>>>
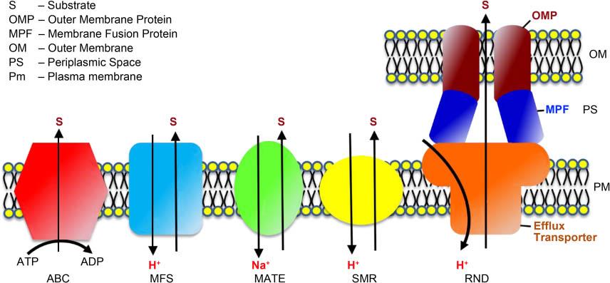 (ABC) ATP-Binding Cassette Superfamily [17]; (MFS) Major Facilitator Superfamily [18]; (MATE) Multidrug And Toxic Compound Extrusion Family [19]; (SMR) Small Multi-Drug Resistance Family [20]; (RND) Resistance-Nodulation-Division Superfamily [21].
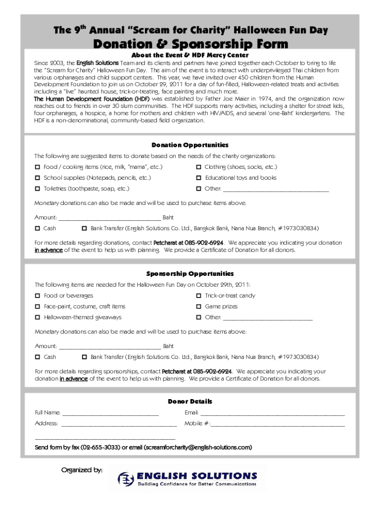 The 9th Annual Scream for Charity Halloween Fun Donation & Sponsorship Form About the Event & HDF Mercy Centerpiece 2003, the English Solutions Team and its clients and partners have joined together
<<<
>>>
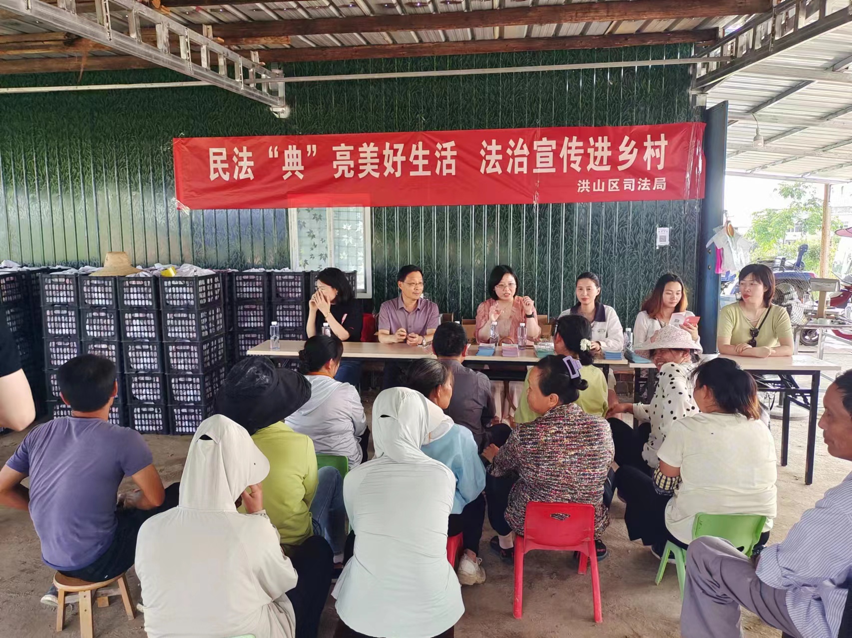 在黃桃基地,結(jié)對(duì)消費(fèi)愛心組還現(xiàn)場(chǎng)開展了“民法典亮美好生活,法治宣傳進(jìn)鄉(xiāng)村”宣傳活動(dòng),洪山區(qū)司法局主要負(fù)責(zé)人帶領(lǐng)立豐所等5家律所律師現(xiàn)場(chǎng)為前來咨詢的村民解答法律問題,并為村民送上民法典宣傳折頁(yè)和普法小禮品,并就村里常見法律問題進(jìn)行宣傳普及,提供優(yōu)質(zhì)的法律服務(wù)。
<<<
▶ What is expected:
Here the job is to copy the stretch of records from the line containing "(ABC) ATP-Binding Cassette" through the line containing "The 9th Annual", word for word. Leave every picture out.

▶ Response for this exercise:
 (ABC) ATP-Binding Cassette Superfamily [17]; (MFS) Major Facilitator Superfamily [18]; (MATE) Multidrug And Toxic Compound Extrusion Family [19]; (SMR) Small Multi-Drug Resistance Family [20]; (RND) Resistance-Nodulation-Division Superfamily [21].
 The 9th Annual Scream for Charity Halloween Fun Donation & Sponsorship Form About the Event & HDF Mercy Centerpiece 2003, the English Solutions Team and its clients and partners have joined together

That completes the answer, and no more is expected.